Lo que más desearía escribir, he ahí lo proscripto: no da ganancia. Sin embargo, tampoco puedo escribir lo otro. Y así el producto es un picadillo final, y todos mis libros son remiendos.
Herman Melville (fragmento de una carta a Nathaniel Hawthorne)
Diecisiete años se entregó Herman Melville (1819-1891) a la escritura. Se dio a conocer con un relato novelado y autobiográfico de 1846 que llamó Typee o las Islas Marquesas. Tuvo un éxito moderado. Entonces contaba 27 abriles. Popular en poco tiempo y relegado en demasía por narraciones raras y repletas de símbolos y alegorías, el también autor de Pedro o las ambigüedades y Benito Cereno no sería, en realidad, bien estimado hasta pasada la Gran Guerra.
Coinciden lectores y críticos del escritor navegante, quien descubriera en alta mar los placeres físicos y espirituales más insospechados, en que Moby Dick o la ballena blanca (1851) es su obra maestra. La que por mucho tiempo se asimiló de manera convencional a una novela de aventuras, adquiriría nuevas interpretaciones con la aparición de lectores más resueltos e identificados con los entresijos de la historia. Tal vez hubo cierto recato cuando Melville empezó a concebirla.
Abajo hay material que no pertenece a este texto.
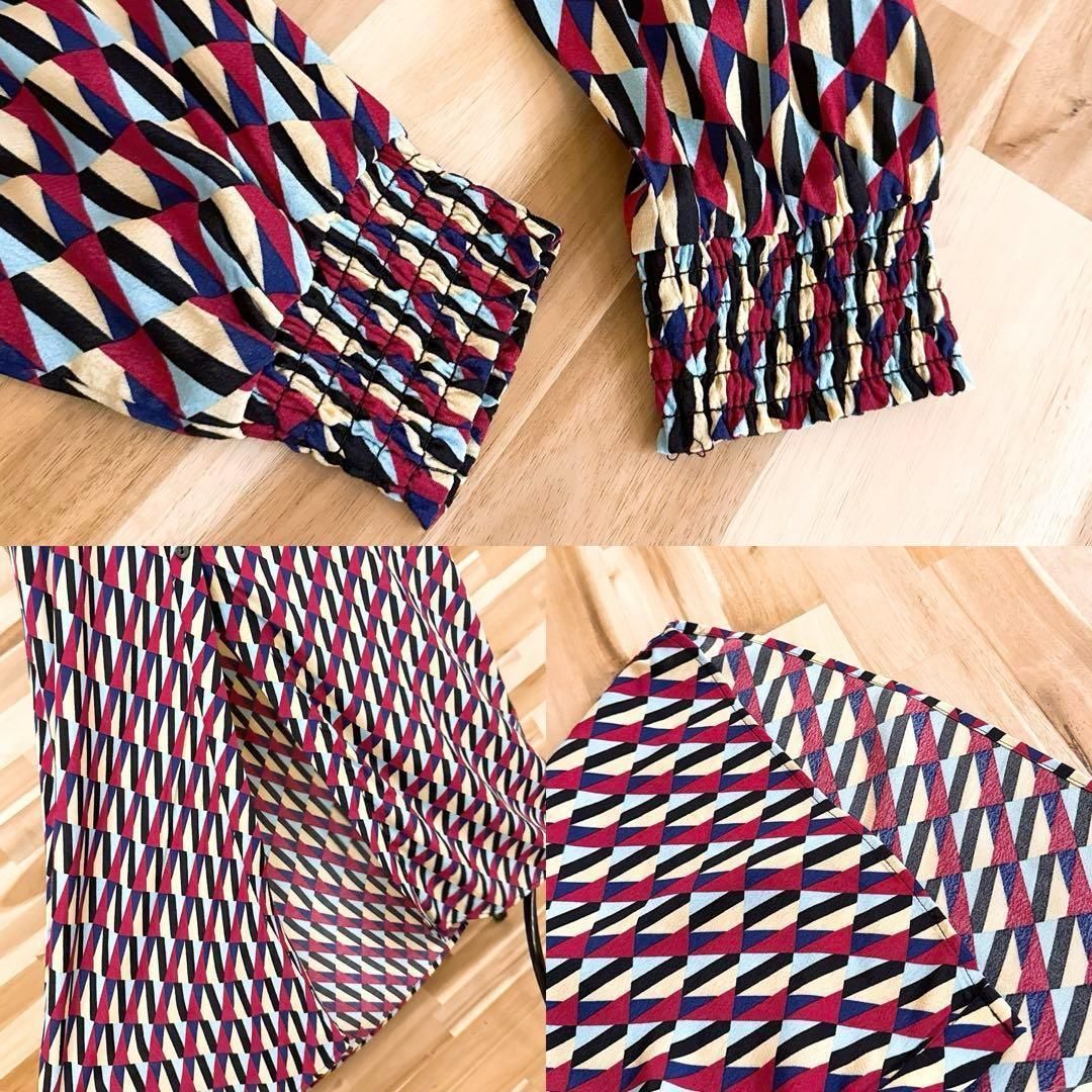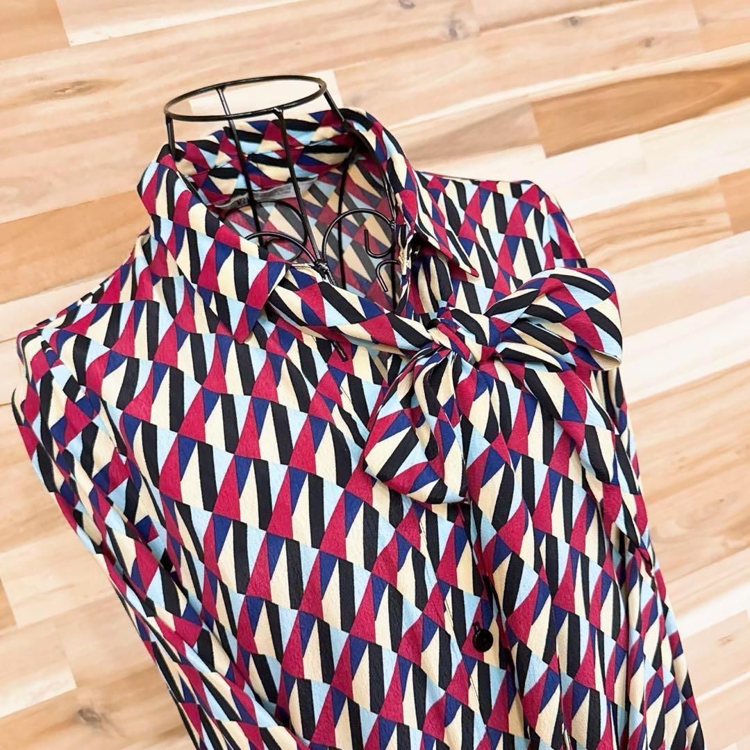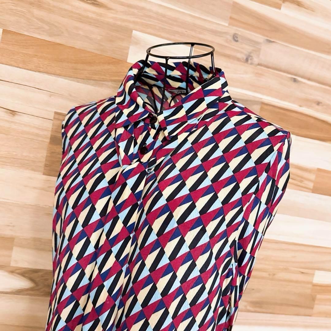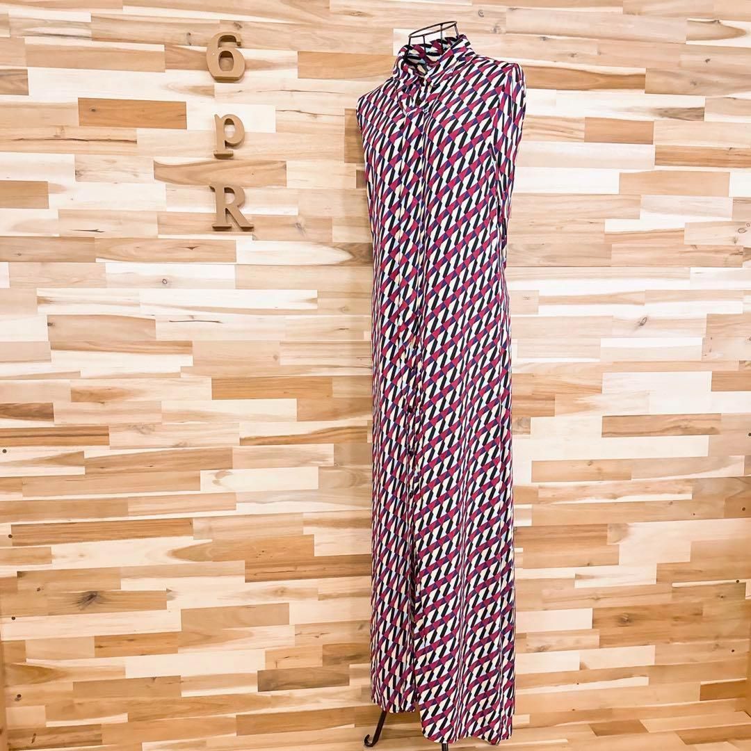 * 幾何学 *薄手でさらりとした生地感が心地よく、全身に描かれた幾何学模様がスタイリングに華やぎをプラス。付属のリボンタイがアクセントとなり、縦に流れるロングシルエットがすっきりとしたラインを強調して大人らしいモード感を演出してくれるZARAのワンピースです。※LGスタイラーにて除菌リフレッシュ・スチームクリーニング済みです。

Mas, como manifiesta Paul Auster en su muy respetable ensayo Hawthorne en familia: «bajo la influencia del autor de La letra escarlata, el libro empezó a cambiar, a profundizarse y expandirse, transformándose, a través de un irrefrenable frenesí de inspiración[1]». No por gusto se lee en la dedicatoria de Moby Dick: «En prueba de mi admiración por su genio, dedico este libro a Nathaniel Hawthorne».
Si bien Moby Dick condensa las experiencias del marinero Melville, la trama le ofreció una oportunidad de manifestar, directa e indirectamente, cuánto sentía y pensaba como intérprete del mundo. Asentó alegorías en escenarios perceptibles, donde no faltaron símbolos. Tras cada libro, revelaría facetas de su complicada personalidad. Albert Camus sostiene que en la obra de Melville el símbolo surge de la realidad, la imagen nace de la percepción. Por eso el norteamericano no se separó nunca de la carne ni de la naturaleza, ensombrecidas en la obra kafkiana.
La novela se cubre de un manto alegórico gracias a nombres y lugares nada comunes. El lector atento logra distinguir el cúmulo de sugerencias. Sin embargo, el mayor mérito de esta narración no reposa en el lenguaje, según lo pone en boca de uno de sus personajes Aldous Huxley en Arte, amor y todo lo demás:
Y lo que impide que el Moby Dick sea un libro verdaderamente grande es, en efecto, su fraseología pseudo-shakesperiana, que emplea en todos los momentos más trágicos, fraseología especialmente idónea para la comedia, aunque el éxito excepcional del mismo Shakespeare, de Marlowe y de otros, haya engañado, por desgracia, a sus imitadores.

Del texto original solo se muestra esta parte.